Intercollegiate basketball season

The 1978–79 Oregon Ducks women's basketball team represented the sixth official season for the University of Oregon's Varsity women's basketball program. The Ducks were coached by Elwin Heiny in his third year as head coach. The team finished the regular season undefeated and posted a 68–67 win over the internationally ranked No. 5 Republic of North Korea National team in a late-season exhibition game. Their final record was 23–2 with losses to Oregon State in the AIAW Region 9 championship tournament and South Carolina. The team led the league in points per game (84.6), boosted by the largest margin of victory in program history: a 121–40 win over the University of Hawaii.

== Notable players ==
This was the first college season that eventual-All-American and head coach Bev Smith played for the Ducks. Born in Canada (Salmon Arm, B.C.) and a member of the Canadian National Team, Smith averaged 15.2 points per game as forward and scored 381 total points during the season. She also averaged 12.9 rebounds per game and finished the season with 61 assists. She won multiple accolades in the U.S. and Canada for her performances during the '78–'79 season.

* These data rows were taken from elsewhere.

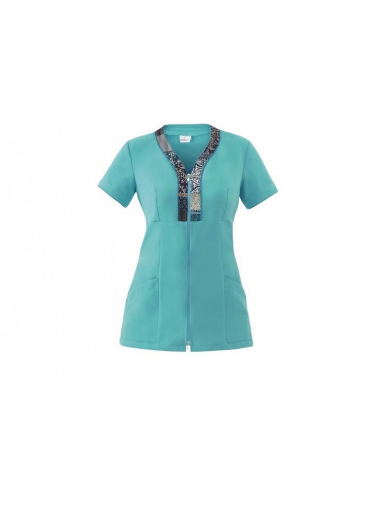 Naiste tuunika, sobib iluteeninduse- ja meditsiinitöötajatele. Värvilise kandiga, kinnitus lukuga, värv aqua.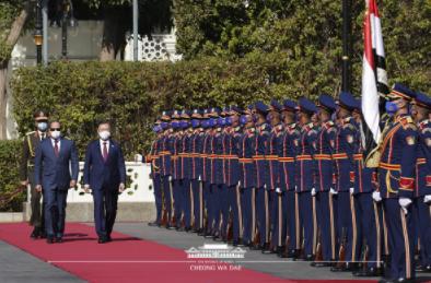 카이로의 대통령궁 정원에서 열린 공식환영식에서 문 대통령 부부는 이집트 압델 파타 알시시 대통령 부부의 환영을 받으며 행사장으로 입장했다.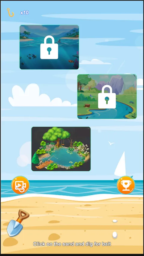 体验休闲钓鱼,收集各种鱼类。点击主页上的沙滩,挖洞倒饵。然后去不同的区域钓不同的鱼。点击放下鱼钩,钓到你最喜欢的鱼。右侧的按钮可让您查看您的鱼收藏。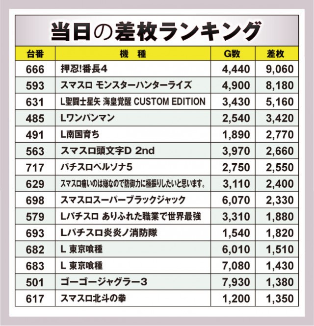 さて、初実施となった今回のランキングを見てみるとしよう。差枚数トップとなったのは『押忍!番長4』。666番台からお見事+9,060枚という万枚一歩手前の差枚数が飛び出した。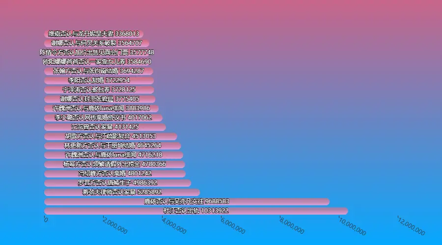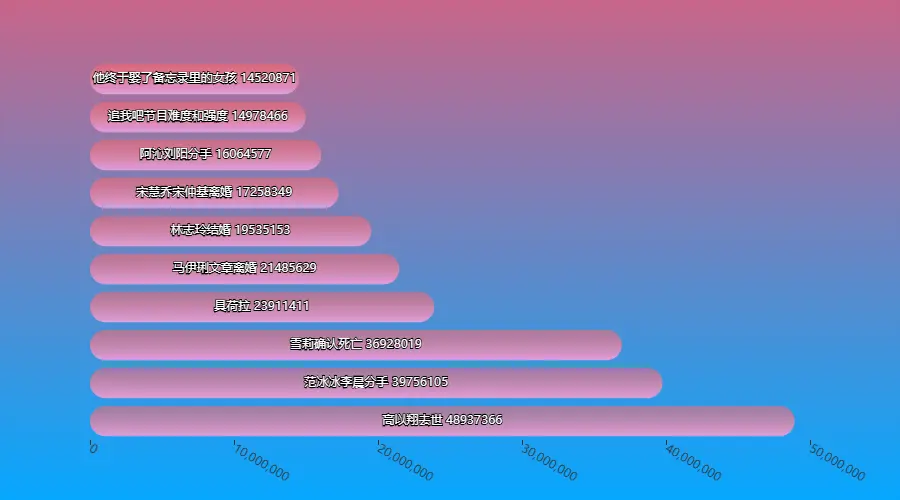 可以看到,总体来说2019上半年比下半年要平静许多,不过6月17号范冰冰和李晨分手的消息还是刷爆了整个娱乐圈。而下半年呢,“十一”的盛大阅兵赚足了大家的眼球,当然11月27号高以翔离世的消息也震惊了整个华人圈,工作与安逸,生活和远方,这是个问题。

Sophomore Debbie Adams, also recruited to the University of Oregon for sprints and jumps on the track and field team, averaged 13.6 points per game.

Junior Julie Cushing averaged 15.6 points per game.

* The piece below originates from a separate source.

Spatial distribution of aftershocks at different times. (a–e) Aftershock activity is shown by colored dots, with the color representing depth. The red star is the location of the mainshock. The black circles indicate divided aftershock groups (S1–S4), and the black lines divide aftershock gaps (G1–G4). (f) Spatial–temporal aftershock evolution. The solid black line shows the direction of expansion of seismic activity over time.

Freshman Claudia Eaton averaged 11.4 points per game.

== Oregon vs. South Korea ==
An exhibition game between the Ducks and the National South Korean team took place at McArthur Court on the University of Oregon campus on Wednesday, Feb 7, 1979. The game attracted 6,000 fans, which was the highest number of fans to date for the women's basketball program. The Ducks won 68–67.